CUI 50001220400020250039101 Impugnación tutela Rad. 148003 JOSÉ ALBEIRO AGUDELO RIVERA CARLOS ROBERTO SOLÓRZANO GARAVITO Magistrado Ponente STP15086-2025 Radicación n°. 148003 Acta No. 245 Bogotá, D.C., dieciséis (16) de septiembre dos mil veinticinco (2025). I. VISTOS 1. Decide la Sala la impugnación interpuesta por el apoderado de JOSÉ ALBEIRO AGUDELO RIVERA, contra el fallo proferido el 5 de agosto de 2025, por la SALA PENAL DEL TRIBUNAL SUPERIOR DE VILLAVICENCIO, mediante el cual declaró improcedente el amparo formulado en contra de la FISCALÍA 187 DELEGADA ANTE LOS JUECES PENALES DEL CIRCUITO ESPECIALIZADO DE VILLAVICENCIO y el JUZGADO CUARTO PENAL DEL CIRCUITO de esa ciudad, por la presunta vulneración de su derecho fundamental al debido proceso.
Al trámite se vinculó a la Fiscalía 116 Delegada ante los Jueces Penales del Circuito Especializados de Bogotá y a las partes e intervinientes en el proceso penal No. 50001 60 00 000 2024 00272 00. II.

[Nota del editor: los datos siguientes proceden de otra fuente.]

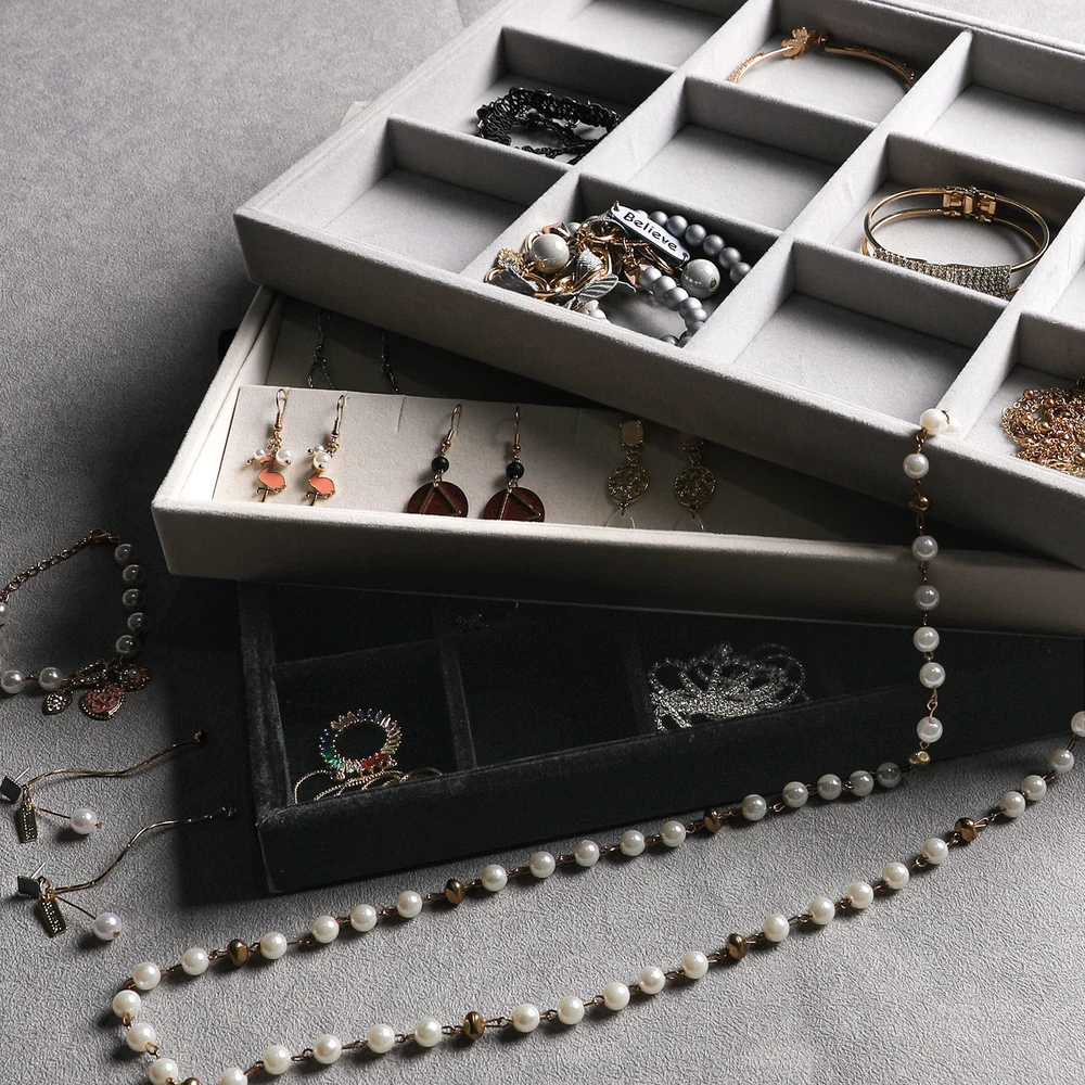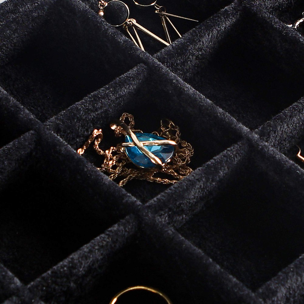 SET OF 2: The set includes 2 trays,12 Compartment Tray(1 pc) and 24 Compartment Tray(1 pc),Each tray measures 12.5x8.5x1.2,Convenient and roomy enough for you to store and wear your different jewelry. HIGH QUALITY VELVET MATERIAL: Our products are full covered with high-quality velvet,which feels smooth, looks elegant and soft enough to protect your jewelry from scratches and damage. STACKABLE AND ADJUSTABLE: Our jewelry trays can be stacked, easy to put on the dressing table or drawer, the dividers of the 12 grid and 24 grid trays are easy to remove to fit for your different size jewelry, Easy to organize and save space. SUITABLE FOR MULTIPLE SCENARIOS:You can put it on the dressing table or drawer to organize your personal jewelry like earrings, necklaces, bracelets, rings, brooches, pins, watches and so on., and it is also ideal for displaying a variety of beautiful jewelry in the jewelry store or trade shows. BEST GIFT:Such a practical and elegant jewelry tray is definitely a ideal gift for Anniversary,Mother’s Day,Birthday, Thanksgiving, Christmas to your girlfriend, wife, daughter, mother or any other important female in your life.
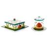 assembled, the stand decorated by Edwin Sandland, stand 19cm across; together with a HONEY POT, COVER & STAND, assembled, the pot decorated by Joe Nekola, the stand decorated by Edwin Sandland, pot 12cm high, stand 14.5cm diameter, each with maker's marks
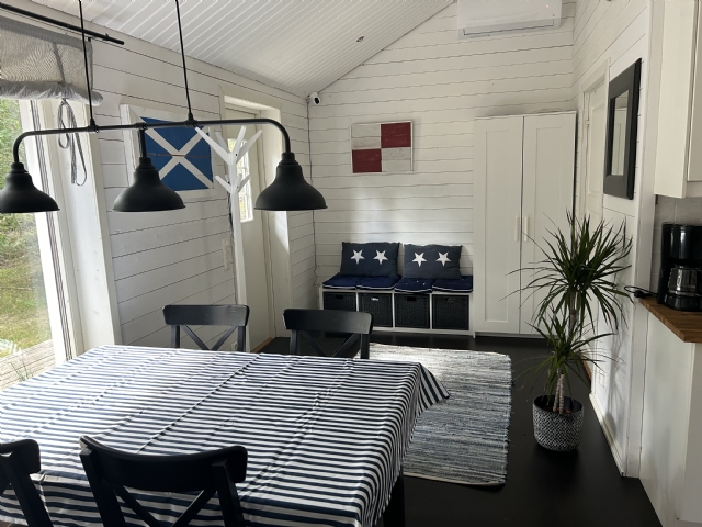 Stugan hard 2 sovrum, modernt kök, stort matrum och vägg i vägg med köket når ni ett mysigt allrum med stora fönster.
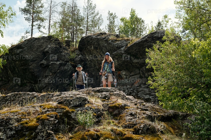 Мать и сын вместе ходят по скалистой тропе в лесу

ANTECEDENTES 2. Fueron resumidos por el Tribunal Superior de Villavicencio así: José Miguel Peñaranda Martínez, en su calidad de apoderado de José Albeiro Agudelo Rivera, manifestó que contra su representado fue presentado escrito de acusación el 19 de diciembre de 2024, por el presunto delito de concierto para delinquir agravado, con base en los verbos rectores “ concertar ”, “ dirigir ” y “ fomentar ”.
Indicó que la audiencia de formulación de acusación se llevó a cabo el 8 de julio del presente año, con la presencia de todas las partes necesarias para la validez del acto procesal. En el desarrollo de la diligencia, se surtió el traslado del escrito acusatorio, momento en el cual la representante del ente investigador realizó una adición a los hechos jurídicamente relevantes.
El abogado defensor señaló que, antes de pronunciarse sobre causales de impedimento, incompetencia, recusaciones y nulidades, solicitó a la Fiscalía la corrección de los datos de la defensa y la precisión de los hechos jurídicamente relevantes. A su juicio, el escrito evidenciaba una confusión entre hechos indicadores, medios de prueba y una somera descripción de los hechos objeto de juzgamiento, lo que constituye una vulneración del derecho de defensa de su representado.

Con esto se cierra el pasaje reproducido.